You see, I decided five years ago that I was done with fitting in, and that I'd rather be lonely and alone, than to continue immersing myself in a world I found caustic.
Everywhere I looked people seemed to be shouting, trying to make their voices heard. The most recent clever story on facebook. The most wittily stated opinion. I didn't see kindness, I saw intolerance and rudeness. I saw people ripping each other down through the medium of social media because they didn't have to look that person in the face, and see how their comments hurt them. Then I watched as that attitude seemed to make people less tolerant in the real world as well. I wanted no part of it anymore. From that point on I was standing alone, and that was that. It seemed like a good idea at the time, but as the years have passed, I've cut myself so far off from humanity that it feels like I'm the only person left in my world. It hurts, SO much, but I don't know how to undo it. I don't know how to go back.
At least...I didn't. I know this review is already too long, and all I've done is clumsily muddle my way through it—attempting to express something I don't even know if others will understand.
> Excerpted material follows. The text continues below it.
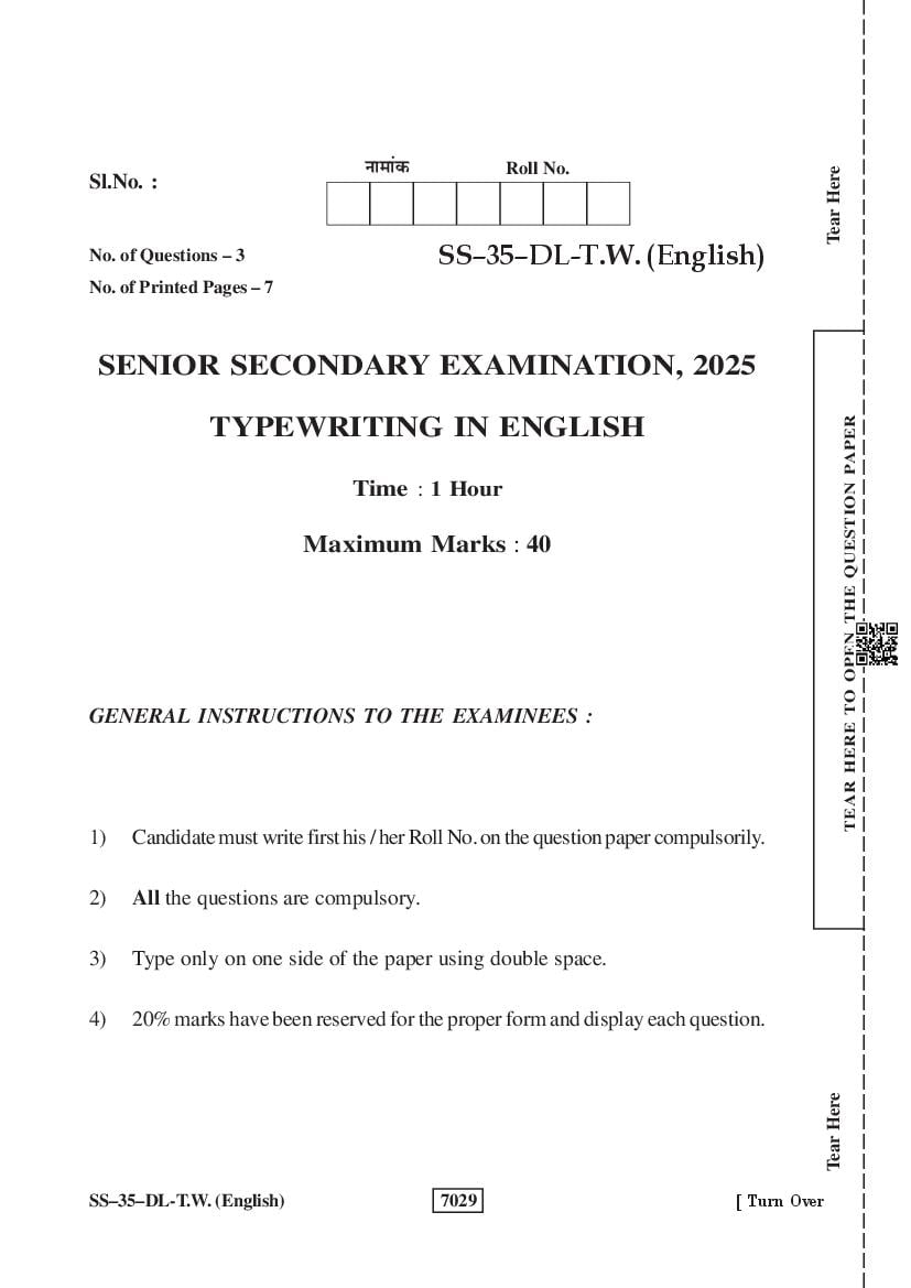 Rajasthan Board Class 12 Question Paper 2025 Typewriting English View Download

This is frustrating for me, because I don't want to talk about myself, and doing so is terrifying, particularly after so many years of silence. But I didn't know how else to express the impact this book had on me, without first talking about how much pain I've been in, and how nefarious my reasons for reading it in the first place. I got the "standing alone" part down pat. I did that years ago. The part I couldn't find, that maybe I'd never have found on my own, is the part where I know how to belong to something again. Join the world. Feel a connection to life and humanity.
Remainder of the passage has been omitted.